I can see that some people really don’t understand. Unless you have lost your hearing, you probably won’t understand. So perhaps I can try and help explain here.
I am profoundly deaf and have been deaf since birth. Had digital hearing aids been invented many years ago and I had started with digital hearing aids from the off, I’d most likely not know any difference in how the world sounds so I would be accepting digital hearing aids as offered by many audiologists. But that’s not the case. I started with analogue hearing aids, with large boxes worn on the body because the tiny In-The-Ear (ITE) In-The-Canal (ITC) or Behind-The-Ear (BTE) hearing aids weren’t available yet so basically, these large boxes where just power amplifiers similar to what was being used in everyday cassette recorders, radios, record players etc. of the day.
So as I’m sure you will understand, the sounds received were simply amplified and sent to the ear, no fancy processing, nothing altered. And this was my world for about 40 years. My ears, the sounds received from the world to my analogue aids to my ears were processed by my brain and were pretty much the sounds every normal hearing person hears.
Then along came digital hearing aids. The “beauty” of digital aids was that audiologists could alter the programming to change what happens to some sounds to suit a deaf persons hearing loss. So for example, if that person has a loss so great in the higher frequencies, the digital processors can shift those higher frequencies down to lower frequencies that this person can hear. Therefore birds start tweeting in mid-tones. Your wife suddenly sounds like your boss. Further, digital processing can also compensate for feedback, the annoying whistling we get when our hearing aid moulds are not fitting so good. Digital processing has now got so good that feedback is pretty much totally eliminated. It’s great. But there’s a drawback - when sounds from the outside world are received by the digital hearing aid similar to what sounds like feedback - similar frequencies in music for example, birds tweeting, the human voice, people whistling, your child playing the recorder, the digital hearing aid thinks it is feedback and so attempts to stop it, resulting in a warbling sound in our ears, rather like when you speak into a fan. And there’s other digital processing that can and is performed which the makers of digital hearing aids and audiologists alike think we like to hear, are adjustments to benefit us, such as making digital aids cut out background noise when in a restaurant (say) allowing the digital aid and you to concentrate on hearing a voice spoken to you. Again, this can be a good thing, for the deaf. But imagine, if you are hearing, and you were sat in a similar noisy restaurant and suddenly all the sounds around you stopped and all you could hear was your partner talking. You would find that pretty strange and unnerving, wouldn’t you? And yes, it’s unnatural. It’s not right. WHY should we, the deaf who have been lucky enough to have experienced the sounds of the world suddenly be told what we can and cannot hear, what we should and should not hear and have our previously understood and accepted frequencies shifted?

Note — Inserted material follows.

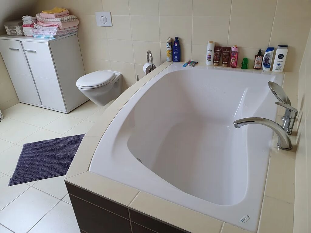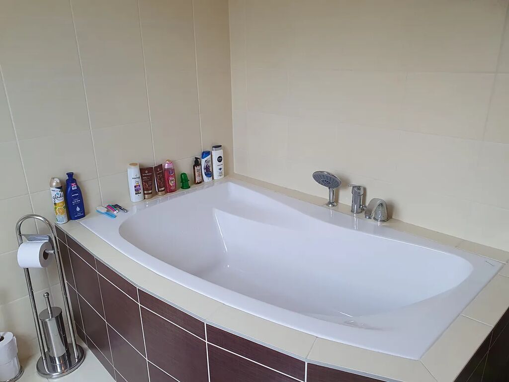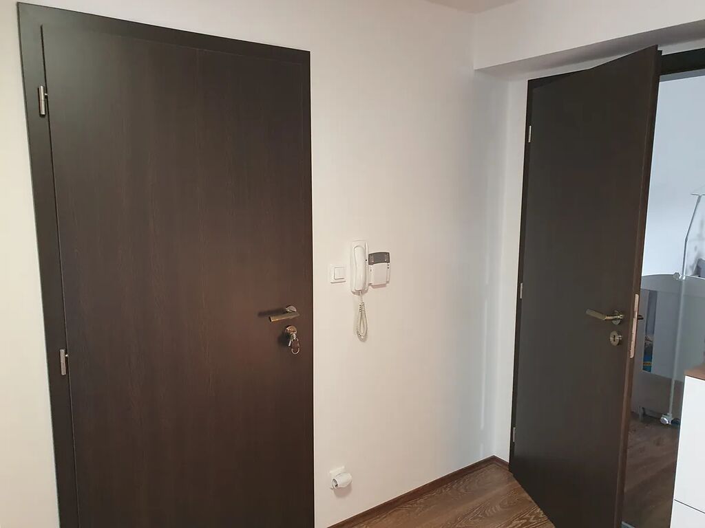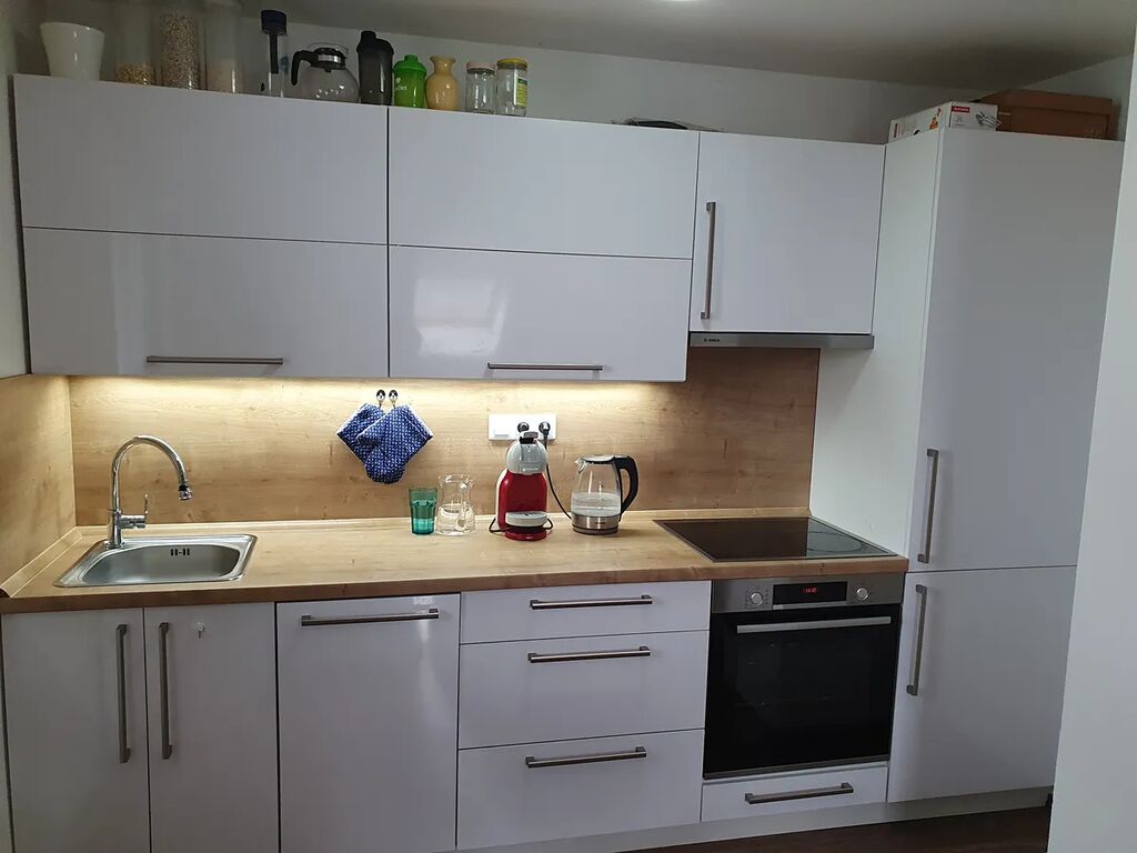 Dispozice a vybavení: Kuchyňský kout s vestavěnými spotřebiči značky Bosch (lednice s mrazákem, trouba, varná deska, myčka, mikrovlnná trouby, digestoř), pohovka, obývací stěna, Smart TV Samsung, stůl 2x, židle 4x. V dalším pokoji jsou 2 noční stolky, vestavná skříň, manželská postel s kvalitní matrací, přikrývkami, polštáři a povlečením. Prostorná koupelna s vanou, pračkou AEG a WC.

THAT is why many of us want our analogue hearing aids back. So we can continue to hear the world as we’re used to. I’m quite happy to have digital hearing aids as long as they are programmed so that they just amplify sounds without any of the fancy-schmancy processing mucking up our beloved sounds. This is why I have actually recently bought myself an hearing aid programming box off fleabay called a Hi-Pro and when connected to my digital hearing aids via cables and using some software on my PC, I have been able to turn OFF all the fancy digital processing my audiologist set up, effectively making my digital aids analogue in operation. Almost.
So it CAN be done. That, or give us our analogue hearing aids back again.